Britain's embattled Conservative government unveiled a raft of measures Monday aimed at cracking down on record levels of regular migration, including raising the minimum salary threshold for a skilled worker visa.

Immigration is set to be a key issue in a general election expected next year, which the main opposition Labour party is currently favoured to win.

Prime Minister Rishi Sunak has pledged to reduce new arrivals but statistics released last month showed that net migration to Britain hit a high in 2022.

The Office for National Statistics (ONS) said the number of people who arrived in Britain last year was 745,000 more than the number who left.

Interior minister James Cleverly said his plan would result in 300,000 fewer people coming to the UK in the coming years.

"Enough is enough," the home secretary told parliament as he laid out his proposals, which will take effect early next year.

Cleverly said skilled foreign workers wanting a UK visa would have to earn GBP38,700 ($48,860), up from GBP26,200 -- just over a third more.

He exempted health and social care workers, where there are currently staff shortages, in part because of Brexit, but said they would be prevented from bringing family dependents.

Cleverly raised the minimum income for family visas and confirmed restrictions on international students bringing dependents.

He also reaffirmed that Britain would increase the surcharge that migrants pay to access the state-run National Health Service (NHS) by 66 percent, to GBP1,035.

Critics have said this effectively imposes a double charge on migrant workers, as employees have National Insurance charges, which goes towards covering healthcare, deducted from wages at source.

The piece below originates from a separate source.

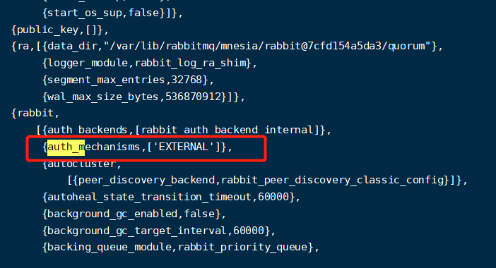 在下图位置看到相应的配置, {auth_mechanisms,['EXTERNAL']},则表示配置生效

Cleverly added that the government would reform the "shortage occupation list", which details jobs for which employers are not able to find enough British workers.

The Conservatives won a landslide under the leadership of Boris Johnson at the last election in 2019, largely on a promise to bring net migration numbers down.

The party has repeatedly promised that leaving the European Union, which ended the free movement of people from member states, would allow the UK to "take back control" of its borders.

But regular migration has soared since Britain formally left the EU in January 2020. In 2021, net migration was 488,000.

The ONS data piled pressure on Sunak from his own MPs to take action.

The Tories, in power since 2010, lag well behind centre-left Labour in opinion polls ahead of an election that must be held by January 2025.